Directions: Lines from the beginning of the material below through the line that has "ブラック アンド 白 톤의" are to be reproduced exactly, but pictures are not.

Record set:
++++++++

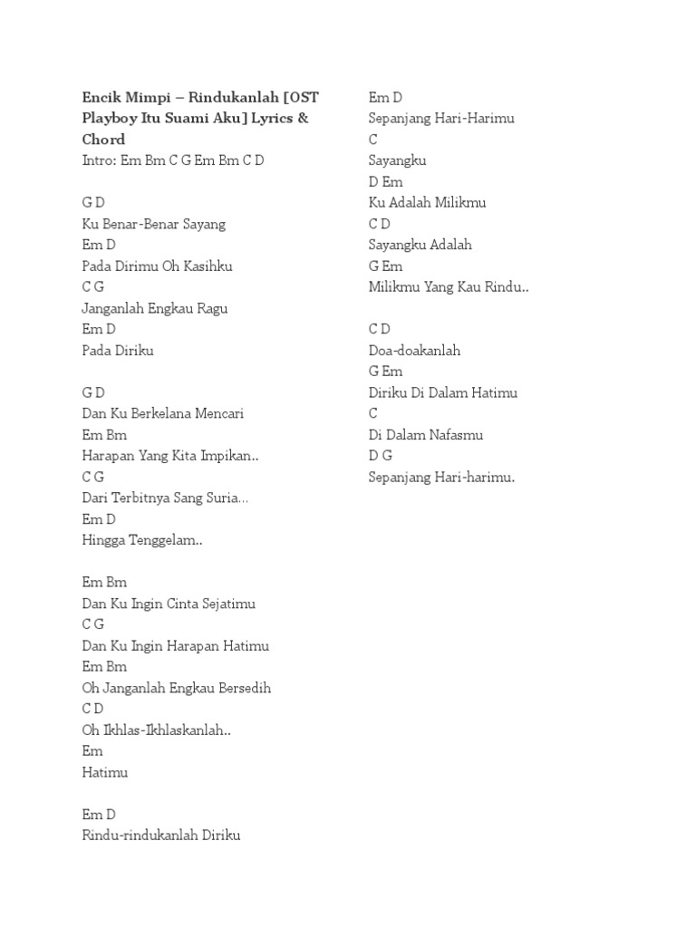 Encik Mimpi Rindukanlah Lirik Chords Chordify
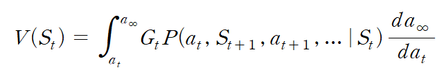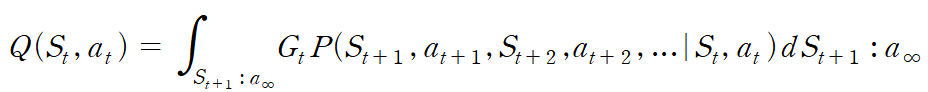 S_(t+1), a_(t+1)부터 무한대까지의 State와 action의 나열이 발생할 확률과 그에 따른 return값을 곱해 적분한다.
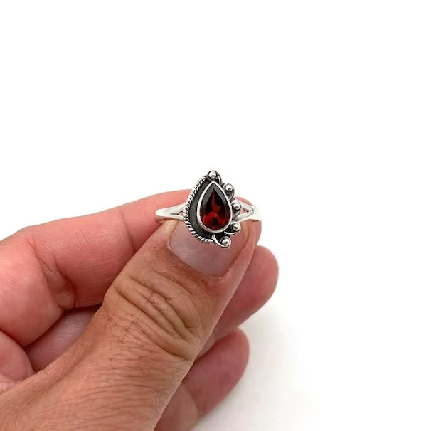 Anillo Hecho a Mano de Plata de Ley 925 con Baño de Rodio y Granate, Estilo Boho, para Mujer, Regalo para Fiesta o Boda
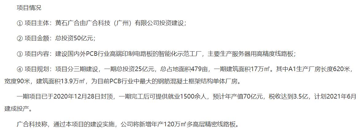 但是根據根據黃石經濟技術開發區鐵山區官方網站於2021年2月發佈的《總投資50億元的黃石廣合多高層精密線路板項目加速推進》報道:(本項目)一期項目已於2020年12月28日封頂,一期完工後可提供就業1500餘人,預計年產值70億元,稅收達到3.5億,計劃2021年6月建成投產。廣合科技稱,通過本項目的建設實施,公司將新增年產120萬㎡多高層精密線路板。
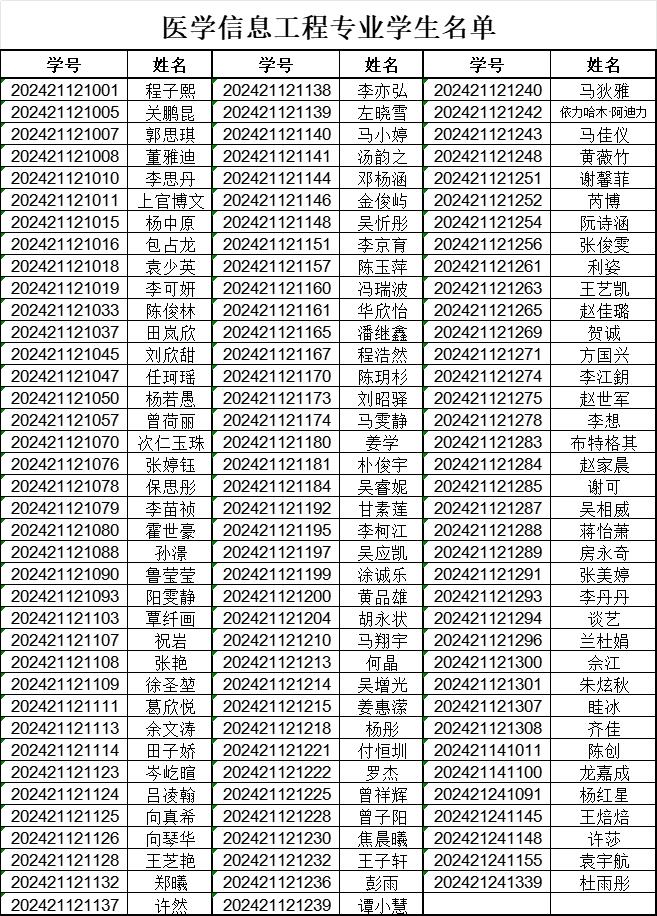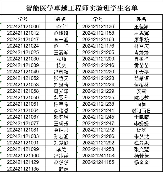 按照學校《關于做好2025年本科學生大類專業分流工作的通知》和學院《生物醫學工程學院2024級大類專業分流實施方案》要求,我院2024級大類專業在學生自愿申請的基礎上進行了專業分流,分流結果為生物醫學工程專業161人,醫學信息工程專業113人,智能醫學卓越工程師實驗班45人,共319人,公示如下:
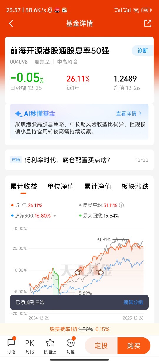 前海开源港股通股息率50强(004098)是聚焦港股高分红赛道的股票型基金,核心精选港股通标的中50只高现金分红个股,持仓以金融、能源、公用事业等现金流稳健板块为主,兼具高股息+低估值双重属性,近一年净值涨幅26.11%,长期业绩跑赢同类红利产品,是布局港股红利的优质标的。
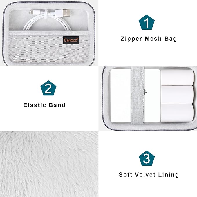 • 【Simple and Practical Design】 The M02 label maker case inner mesh pocket storage space keeps the items well-organized, and can effectively store small label printer accessories. Built-in elastic band can fix label printer and prevent m02 printer from accidentally falling.
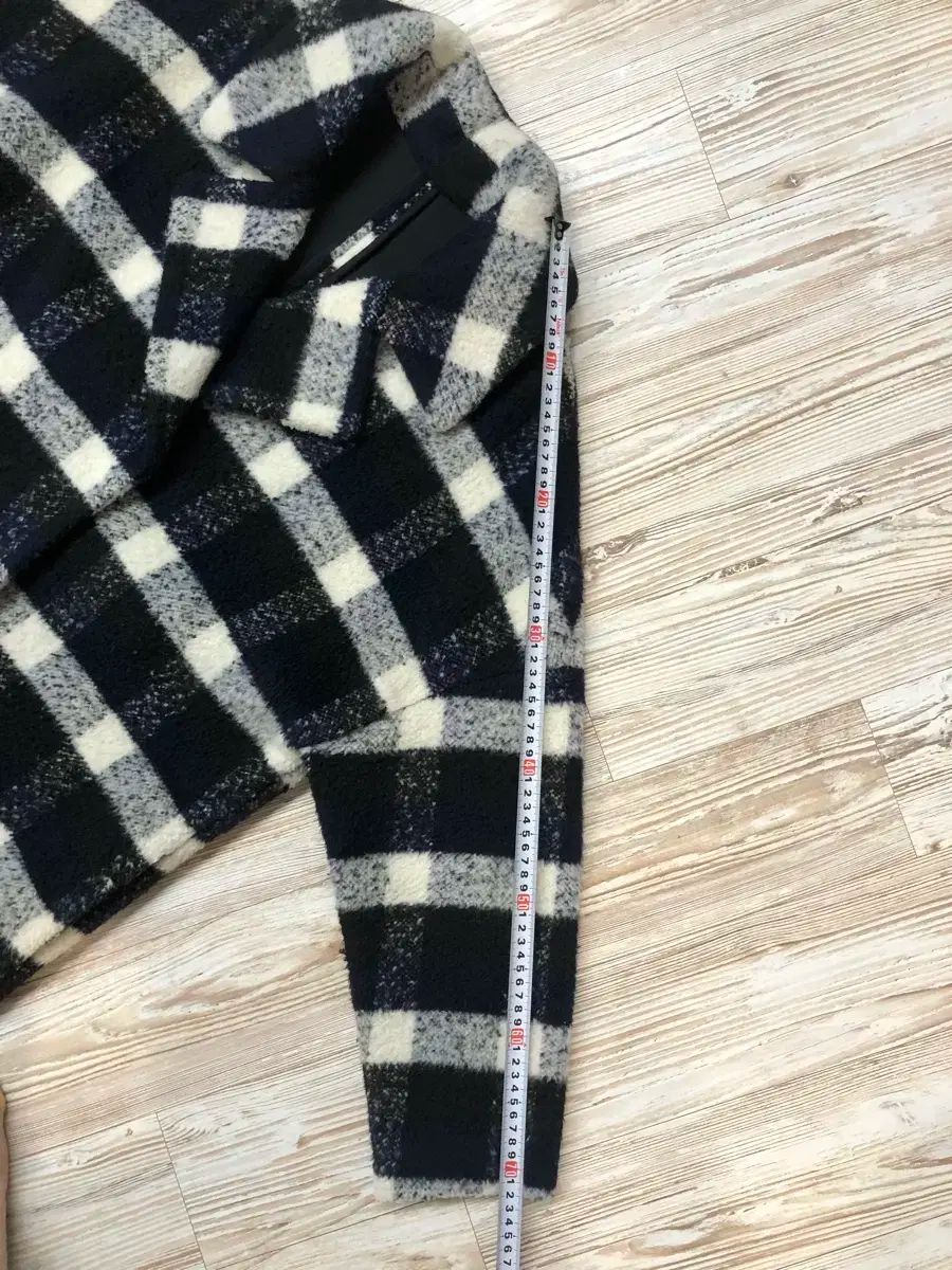 ブラック アンド 白 톤의 CHECK ロングコート です。実寸 サイズ は 写真に 見える 줄자로 確認 お願いします。
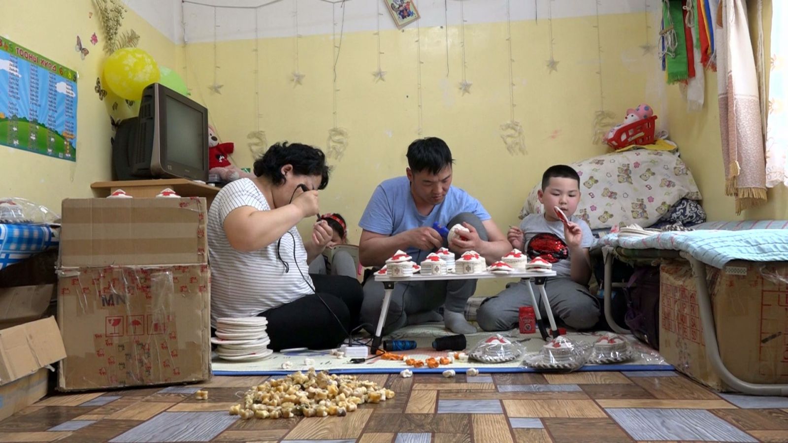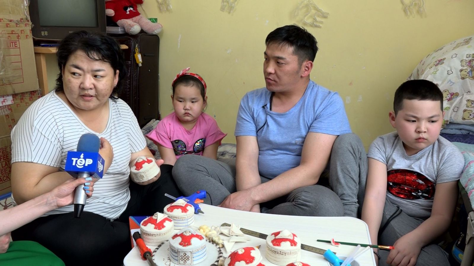 Хүү , охин хоёрынхоо төлөө амьдрахаас өөр сонголт үгүй. Шүдээ зуугаад зүтгэж явна. Хөл хориотой байх үед эхнэр нөхөр хоёр цагийн ажил хийж амь зуулгаа болгодог гэнэ. Мэдээж эмчилгээний төлбөр, эмээс эхлээд маш их зардал гардаг учраас хөдлөхгүй л бол амьдрал шууд зогсоно. Эмээ авч чадахгүй, хоёр хүүхдээ хоолгүй хонуулна. Тийм учраас хөдөлмөрлөхөөс өөр аргагүй. Нөхөр нь олон төрлийн эмгэг хавсарсан, хоёр хөл нь суга таягтай учраас хүнд ажил хийж чаддаггүй тул тогтвортой ажил хийж чадахгүй байгаа. Гэр бүлээрээ ярилцаж байгаад эсгий урлалаар 4-н бэрхтэй, эсгий дэвсгэртэй гэр хийж эхэлжээ. Нөхөр нь гарын уртай учраас эсгий дэвсгэр дээрээ “Монгол” гэдэг үгийг уйгаржин бичгээр бичжээ. Гар урлалаа гэр бүлээрээ хамтдаа хийнэ. Тухайлбал аав гэрээ эсгэж, монгол гэдэг үгээ бичиж, ээж бүслүүрийг нь оёж, дэвсгэрийг эмжинэ, харин хүү өрөлт хийдэг бол охин монгол гэсэн бичгийн цоолтуурыг угааж тусалдаг гэнэ. Одоогийн байдлаар хөл хорионы үеийг ашиглаад 200 гаруй гэр хийчихсэн гэж гэрийн эзэгтэй ярьж байлаа. Хүний хорвоод мэндэлсэн ихэр үрсээ хажууд нь харж байгаад амьсгалын аппаратыг нь салгуулна гэдэг цусан зүрхтэй , усан нулимстай хэний ч зүрхийг сийчмээр...5-хан настай охин нь ээж,аавыгаа эрүүл болгоод тэнгэрийн оронд байгаа хоёр дүүтэйгээ сайхан амьдармаар байна гээд цурхиран уйлах.
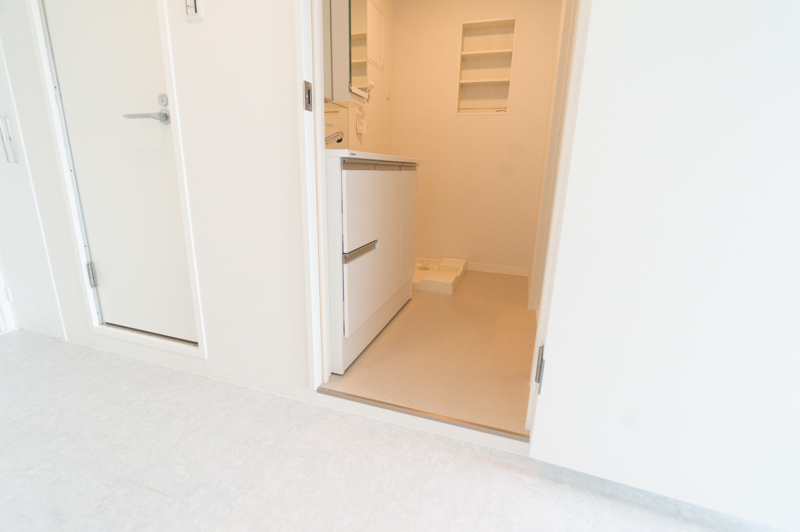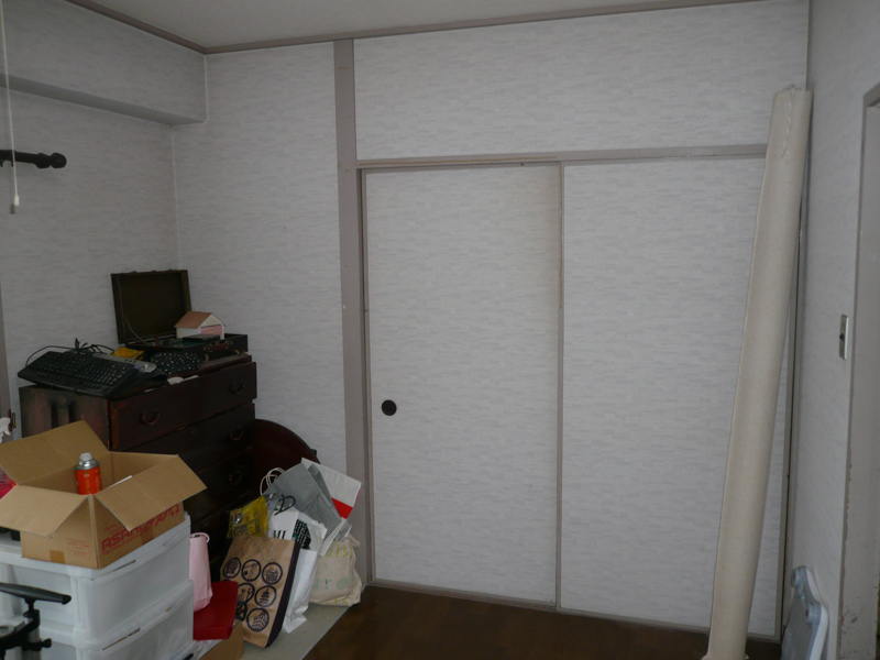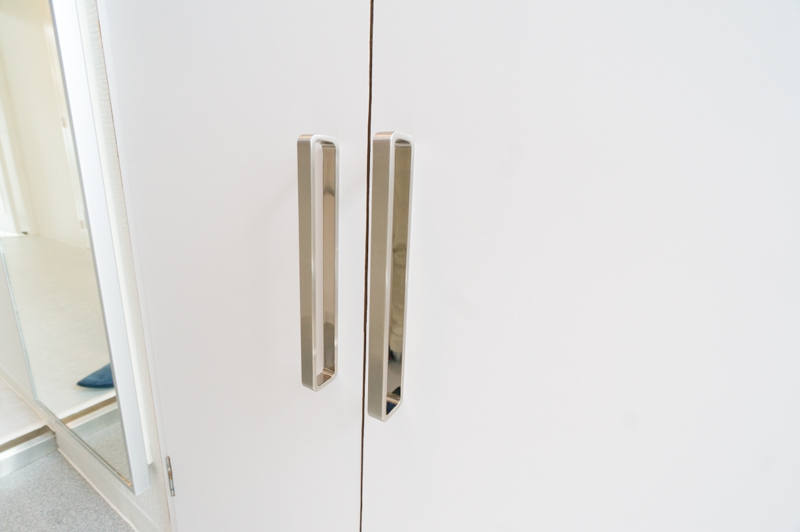右手見える姿見とその横の取っ手は新しく作られた収納。
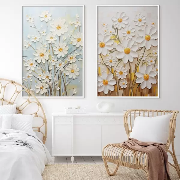 Plakatas Saulėtos gėlės: meno duetas su tūriniais margučiais ir geltonais akcentais d00580
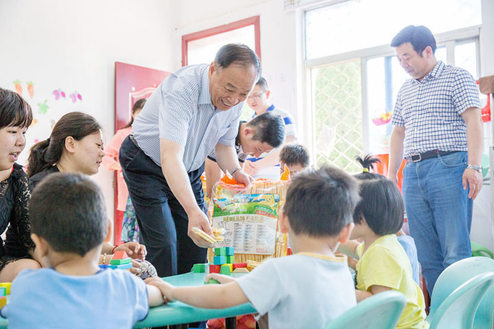 随后,江鸿方董事长一行来到市儿童福利院。这次,他们给孩子们带来的有玩具、食品,还为每个孩子准备了一双鞋子。儿童福利院顾本永院长和王丰副院长代表福利院的儿童们对江鸿方董事长一行表示热烈欢迎。江鸿方董事长向王丰副院长详细了解福利院儿童的身体和生活等情况,实地察看了儿童们学习、生活、居住、娱乐场所,对福利院的工作人员付出爱心和辛勤劳动表示由衷地钦佩。走进儿童们学习和娱乐的地方,江鸿方董事长为儿童们分发食品、玩具,孩子们高兴地大声喊道“爷爷好……”,参与慰问的员工们纷纷和孩子们互动,弯下腰来、蹲在地上和孩子们交流,抚摸他们可爱的小脸蛋,送给他们亲人般的祝福和温暖……
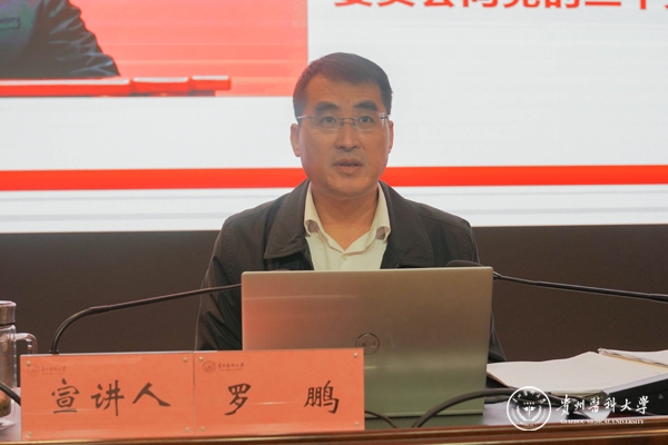 11月16日,校党委副书记、校长罗鹏在花溪校区道德讲堂专题宣讲党的二十大精神。罗鹏强调,党的二十大报告高屋建瓴、思想深邃、内涵丰富,是全面建设社会主义现代化国家、全面推进中华民族伟大复兴的总遵循、总定位、总航标,我们要以高度的责任感和历史使命感从党的二十大报告中找启迪、找思路、找答案,在解放思想中守正创新、在奋发图强中争创一流,将党的二十大精神认真贯彻落实到学校工作中来。
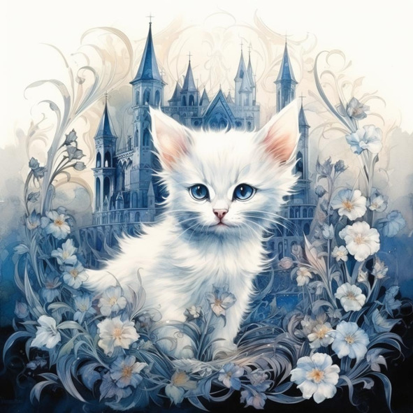 В давние времена в живописной небольшой деревушке, раскинувшейся у холма, на котором возвышался старинный Заброшенный Замок, жил маленький белый котёнок по имени Оскар. Он был очень любознательным и к тому же отважным, поэтому каждый вечер, как только угасало закатное пламя и в небе вспыхивали яркие звёзды, отправлялся на прогулку по заросшей тропинке, ведущей к этому загадочному строению, маячившему темным силуэтом на фоне небес. По этой дорожке уж много лет никто не ходил, и Оскару приходилось, порой, продираться сквозь колючие заросли репейника, оставляя на острых иголочках цветов маленькие клочки своей чудесной белой шёрстки. Однако его это не останавливало, и с каждым днём он проходил всё дальше и дальше, приближаясь к своей цели. Но всякий раз котёнку приходилось отступать. Он так уставал бороться с зарослями, что никак не мог добраться до Замка и исследовать его, а ведь это была его заветная мечта.
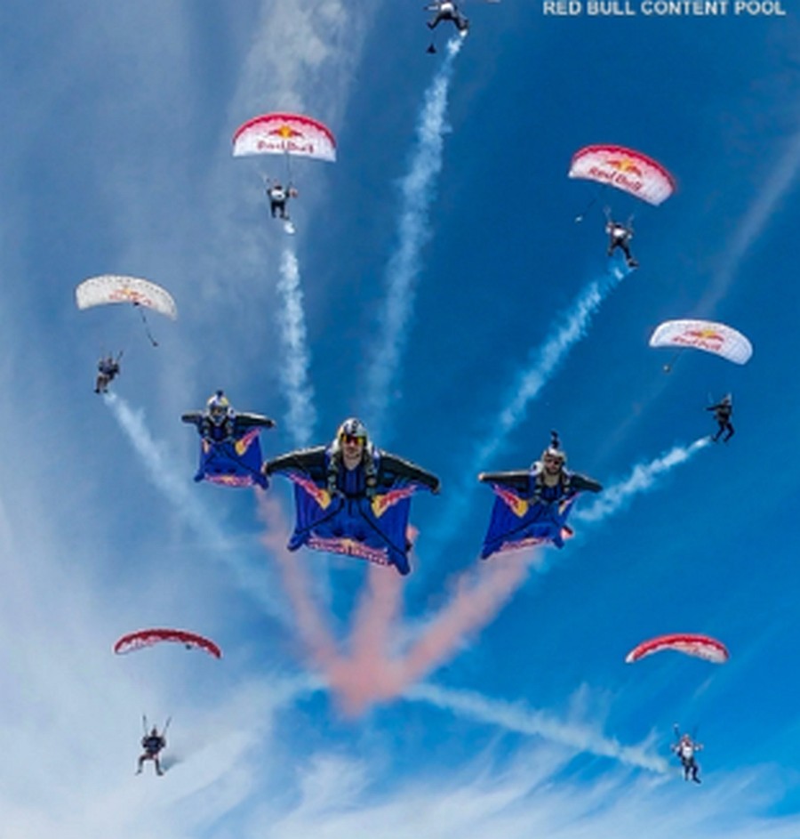 Za jedan od najneobičnijih i najkomentiranijih trenutaka pobrinuli su se Red Bull Air Force veterani Jon Devore i Luke Aikins. U pravoj filmskoj sceni, iz zrakoplova je izbačen jetski, a Devore i Aikins su skočili za njim s padobranima. Ovaj prizor je pokazao koliko su granice kreativnosti i izvedbe u ekstremnim sportovima danas široke. Jon Devore je jedan od najiskusnijih profesionalnih skydivera povezan s Red Bull Air Force timom, poznat po zračnim koreografijama i projektima na najvišoj razini produkcije. Luke Aikins je međunarodno poznat padobranac i pilot koji stoji iza povijesnih skokova bez padobrana i brojnih inovativnih zračnih projekata. Sebastian Alvarez, Andy Farrington i Mike Swanson izveli su niz vratolomija u wingsuit odijelima, prolazeći kroz zračni poligon pun izazova koji je zahtijevao vrhunsku preciznost, nevjerojatnu kontrolu tijela i potpunu koncentraciju. Wingsuit poligon prepreka zahtijevao je prolazak kroz zračne elemente koji su bili postavljeni na različitim visinama te je predstavljao izazov kakav se ne susreće u standardnim wingsuit nastupima.

++++++++

Output below:
 Encik Mimpi Rindukanlah Lirik Chords Chordify
 S_(t+1), a_(t+1)부터 무한대까지의 State와 action의 나열이 발생할 확률과 그에 따른 return값을 곱해 적분한다.
 Anillo Hecho a Mano de Plata de Ley 925 con Baño de Rodio y Granate, Estilo Boho, para Mujer, Regalo para Fiesta o Boda
 但是根據根據黃石經濟技術開發區鐵山區官方網站於2021年2月發佈的《總投資50億元的黃石廣合多高層精密線路板項目加速推進》報道:(本項目)一期項目已於2020年12月28日封頂,一期完工後可提供就業1500餘人,預計年產值70億元,稅收達到3.5億,計劃2021年6月建成投產。廣合科技稱,通過本項目的建設實施,公司將新增年產120萬㎡多高層精密線路板。
 按照學校《關于做好2025年本科學生大類專業分流工作的通知》和學院《生物醫學工程學院2024級大類專業分流實施方案》要求,我院2024級大類專業在學生自愿申請的基礎上進行了專業分流,分流結果為生物醫學工程專業161人,醫學信息工程專業113人,智能醫學卓越工程師實驗班45人,共319人,公示如下:
 前海开源港股通股息率50强(004098)是聚焦港股高分红赛道的股票型基金,核心精选港股通标的中50只高现金分红个股,持仓以金融、能源、公用事业等现金流稳健板块为主,兼具高股息+低估值双重属性,近一年净值涨幅26.11%,长期业绩跑赢同类红利产品,是布局港股红利的优质标的。
 • 【Simple and Practical Design】 The M02 label maker case inner mesh pocket storage space keeps the items well-organized, and can effectively store small label printer accessories. Built-in elastic band can fix label printer and prevent m02 printer from accidentally falling.
 ブラック アンド 白 톤의 CHECK ロングコート です。実寸 サイズ は 写真に 見える 줄자로 確認 お願いします。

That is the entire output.